Bookstart Baby Programme – this ensured the family of every baby born in NI received one or two books suitable for babies and toddlers. Reading is a crucial part of early years development and, while many families would not rely on Bookstart, the families that do are clearly amongst the most vulnerable already.

Pathway Fund - speaking of early years, this fund is open to all registered settings that provide education or learning for children aged 0-4. Established in 2016, its mission is to “improve the development of children who are at risk of not reaching their full educational potential” and “enhance sustainability of the Early Years sector”. The fund is set to close, although Early Years (the local organisation that administers the fund) has started a petition calling for funding to continue, and plans to present this to the Secretary of State and Department of Education. Early years development is critical for children’s outcomes as the grow up. This covers health, education, wellbeing, future earnings – everything. Early development, whether good or bad, sticks with people for life.

Capital works – this is perhaps less concerning than everything else, but no new school buildings or school extensions will be started in 2023-24. If early years, mental health and holiday hunger schemes are going to disappear, it’s probably right that capital works are paused too – but good school buildings do make a difference. This is another investment that will not proceed.

Choices

How do local young people feel about all this? You can guess the answer. No-one should be happy about this. Even the most fatalistic pessimist must think this is a lot of bad things happening at once.

It will be a miserable year for public services but, more importantly than that, the effects will linger. The problems and pain we are signing up for will last for years and decades.

As David Sterling, former head of the Northern Ireland Civil Service, said at the weekend, public services cannot be turned off and on “with the flick of a switch.”

“There are public service bodies, there are charities all over the place now, who are having to plan to lay people off, capacity will be lost. Irreversible damage will be done.”

Education is vital, but all the specifics above outline the work of one department (more or less, obviously mental wellbeing overlaps with health, getting children into the arts is relevant to the Department of Communities, and so on).

Education saw a 2.4% drop in its budget, which is higher than the average fall (of 0.7%). However, the high rate of inflation means that even breaking even, in cash terms, means a significant real-terms reduction. As a result, every department will see real-terms cuts that could set your hair on fire.

What now?

What could Stormont have done about this? Well, there has been no Executive for four of the past six years. When Westminster sends over a half-empty purse, there is only so much Stormont can do. But limited options do not mean no options. Plenty of decisions could have been taken over the past few years to make the next few years easier.

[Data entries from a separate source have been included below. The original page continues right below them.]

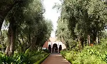 Compuestos por olivos, palmeras, rosales, jacarandas, naranjos, pinos de Alepo, buganvillas, adelfas y una avenida con ochenta cactus, los jardines ocupan una superficie de ocho hectáreas[9] en el seno de un dominio de quince hectáreas en total,[5] y son conservados por setenta jardineros. Desde los jardines puede verse el minarete de la Mezquita Kutubía, al igual que las cimas nevadas de la cordillera del Atlas.
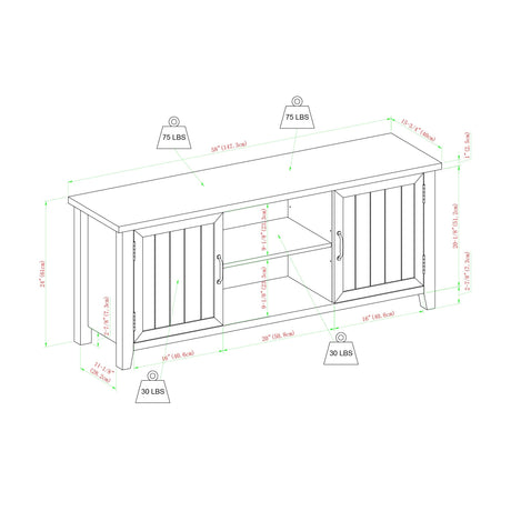 Farmhouse 58" Modern Grooved 2 Door TV Stand
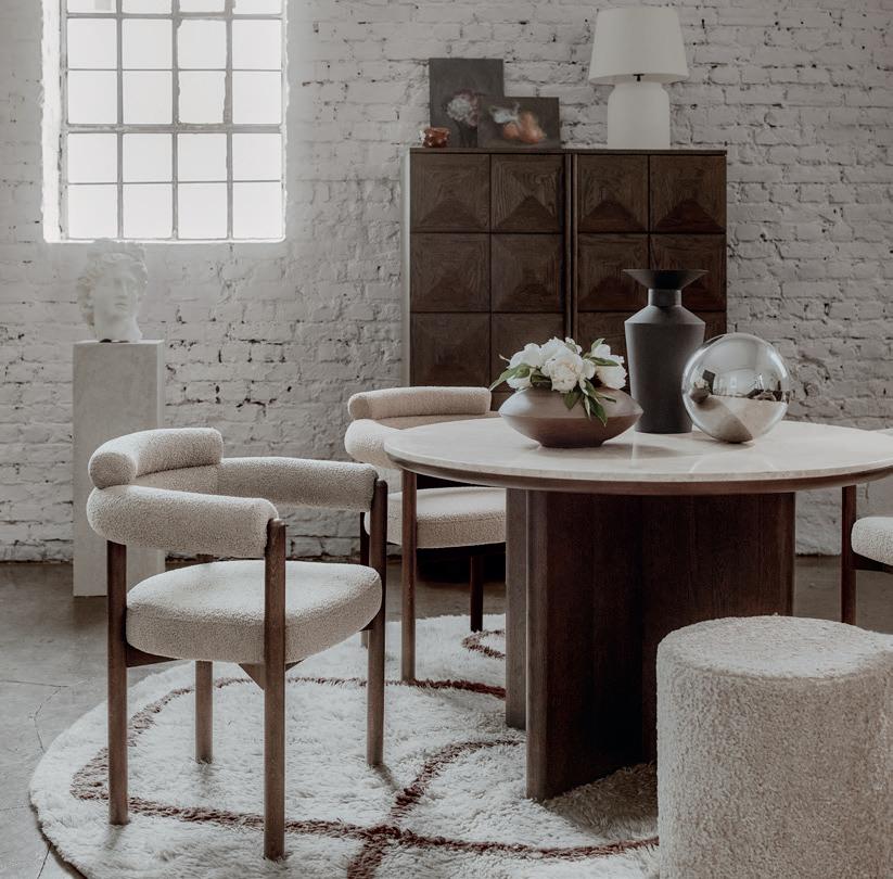 BARDO spisestol 5.199,- GALAXIE GIANT vase 2.999,RITZ spisebord 14.999,- Bordet kommer i januar 2025
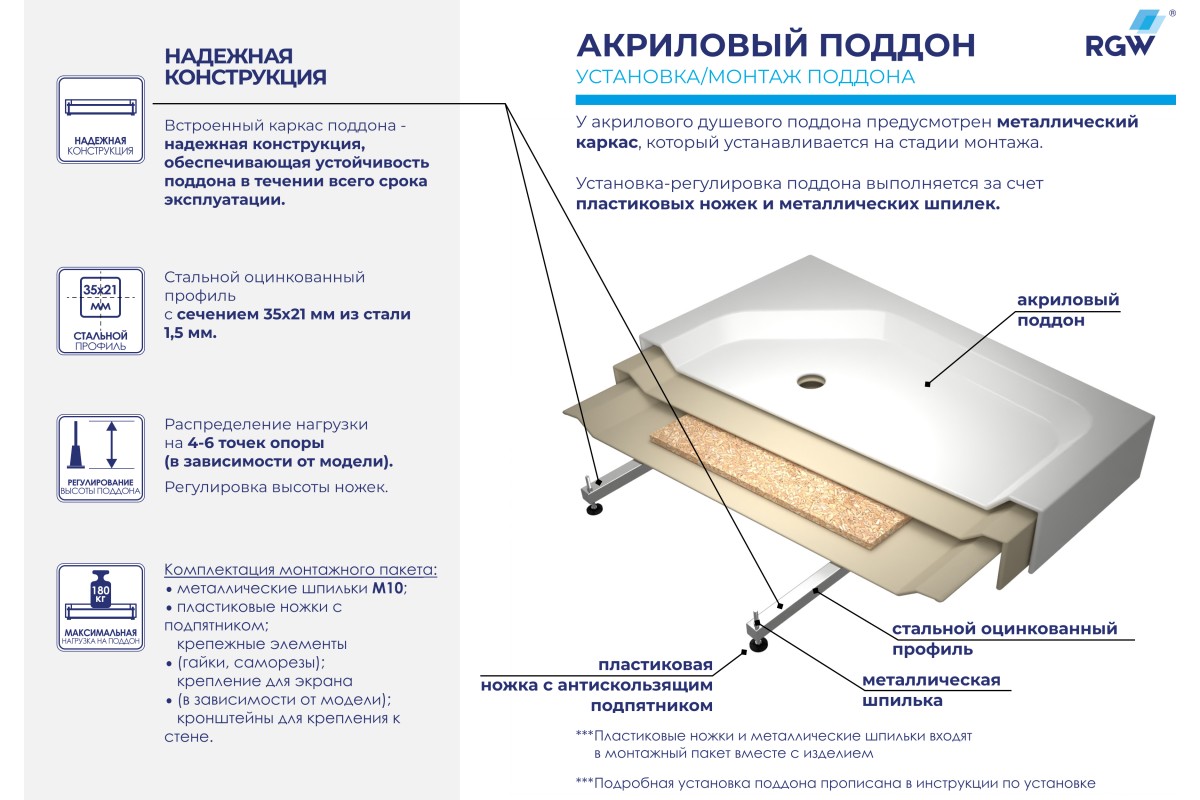 Преобразите вашу ванную комнату с душевыми уголками и поддонами от бренда RGW! Стильные, функциональные и долговечные решения для комфортного душа. Широкий выбор размеров, форм и дизайнов, устойчивых к влаге и нагрузкам. Доставка по всей Беларуси, га... Подробнее...Глубина поддона
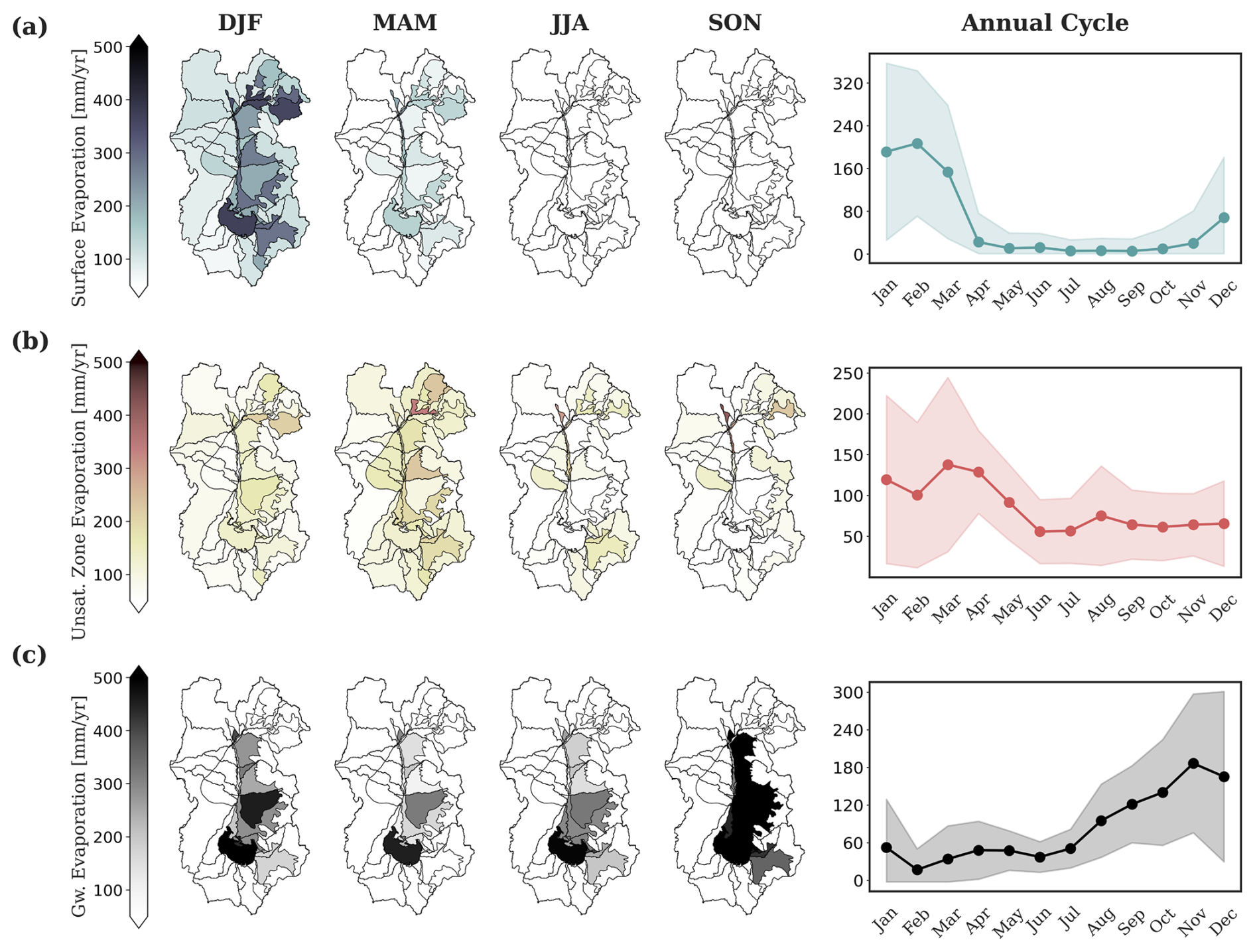 Figure 5Left panels: Spatial distribution of seasonal means across sub-basins in mm yr−1 for (from left to right) DJF, MAM, JJA, and SON for (a) Surface evaporation, (b) Unsaturated zone evaporation, and (c) Groundwater evaporation. Right panels: Monthly mean variability of each variable. Values represent monthly means, scaled to annual equivalents (mm yr−1) for consistency across all water balance components. Shades indicate the standard deviation.

Instead, we may even see civil servants signing off on the spending plans of an austerity budget. That is not their job, they shouldn’t have to do it, our own MLAs should be taking responsibility.

Which brings us back to David Sterling: “I think public services and departments are collateral damage in the struggle the government is having to get the institutions up and running again.

“In real terms, the cuts will be very large in many areas. And as I've said before, and many of my former colleagues have said, this is fundamentally undemocratic, it's fundamentally unconstitutional.”

All of these cuts are choices. Different choices are available.

Some unpleasant decisions are inevitable, in the current financial situation, but there is a fundamental lack of accountability in what is happening right now.

Stormont can only work with the budget it is given. Austerity is, once again, Westminster’s decision. But that still leaves some local choices. Some services have to suffer but it should be us, via democracy, who choose what is left to wither, and us who choose what remains.

It should be us – meaning political representatives chosen by the public, not civil servants – who decide our own actions, and the consequences of those actions.